UK confectionery market steels itself for continued challenging conditions

Amid a pandemic, projected recession and post Brexit complications, the UK confectionery market is facing notably uncertain times, but there are still some glimmers of hope amid the challenges that clearly lie ahead, reports Neill Barston

There’s little getting away from the fact that events of the past year amid the ongoing coronavirus pandemic have created a considerable level of global business uncertainty.

The UK confectionery, snacks and bakery markets are clearly no exception to that pattern, as the sector gamely attempts to grapple with the impact of covid-19 upon logistics and overall production operations, which have been stretched considerably.

There has been a decidedly mixed picture that has been hard to interpret within the market – on the one hand, snacking intake has increased as shoppers have been more housebound amid the pandemic. This proposition was supported by Mondelez International’s latest State of Snacking report, which found that 48% of people across the world had indeed seen their level of indulgent treats increase.

This should have been good news for manufacturers. However, on the flip side, figures from the Food and Drink Federation (FDF) recently revealed exports of confectionery and other items actually fell during the first half of the year. According to its figures, results were down by 13.8% as a whole, to a sum of £9.7 billion for the period.

This translated into export sales for chocolate, which is considered the second highest performing UK product behind whisky, reducing 10.7% to £307 million for the first half of the year, and the picture is seemingly not looking much rosier going forward, as complications continue surrounding the end of the Brexit transition period.

While an 11th hour deal was in fact secured right at the end of last month, the promise of ‘frictionless trade’ between the UK and the EU does not, on early inspection at least, seem to be matching that vision by a considerable margin, with heightened border paperwork and logistics issues with a newly installed UK border facility in Kent, resulting in considerable lorry tailbacks in its first few weeks of operating, which show little sign of improving.

Perhaps equally as worrying is the fact while the prospect of additional tariffs being imposed on goods seems to have largely been avoided, there may well be additional transport costs involved for British and EU enterprises, which the Food and Drink Federation has consistently offered warnings over.

Despite such concerns, independent manufacturers have reported some notable successes in recent months with new product launches.

Among them were developments in the fast-rising plant-based market for the segment. One such launch this autumn was the HiP brand, from James Cadbury (below), which has had a strong response. He explained: “The launch of HiP and our new oat milk chocolate bars will stretch the confectionery category, driving increased excitement and engagement. “I believe these innovative, first to-market products will deliver great-tasting oat milk chocolate to younger consumers who are looking for compelling dairy-free and vegan alternatives.”

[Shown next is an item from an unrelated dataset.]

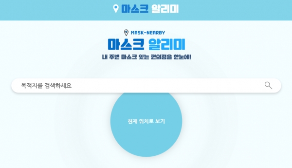 '마스크 알리미'는 위치 기반 서비스를 토대로 마스크를 오프라인상에서 판매하는 장소 정보를 제공해 준다. 궁금한 지역을 검색하면 해당 지역을 중심으로 편의점에서 판매되는 마스크의 재고 현황을 알 수 있다.

Similarly with the vegan and dairy free market, Kent’s Plamil Foods reports a good deal of resilience in spite of conditions (see our chocolate feature in this edition), with the company expanding its production to meet growing consumer demand. Elsewhere, within the traditional sweet market, there’s been a sense of determined spirit from manufacturers that have refused to be beaten by tough conditions.

Adrian Simpkin, director of Sheffield-based travel sweets business A L Simpkin & Co, revealed it has been a case of digging in amid testing times. He said: “Upon my return from being locked down in the Philippines earlier this year, I flew into Manchester the day lockdown in the UK was announced. I looked at orders slowly being cancelled or pushed back on my phone. I suppose it’s not ideal to be making the original travel sweets when the global travel retail market shuts up shop.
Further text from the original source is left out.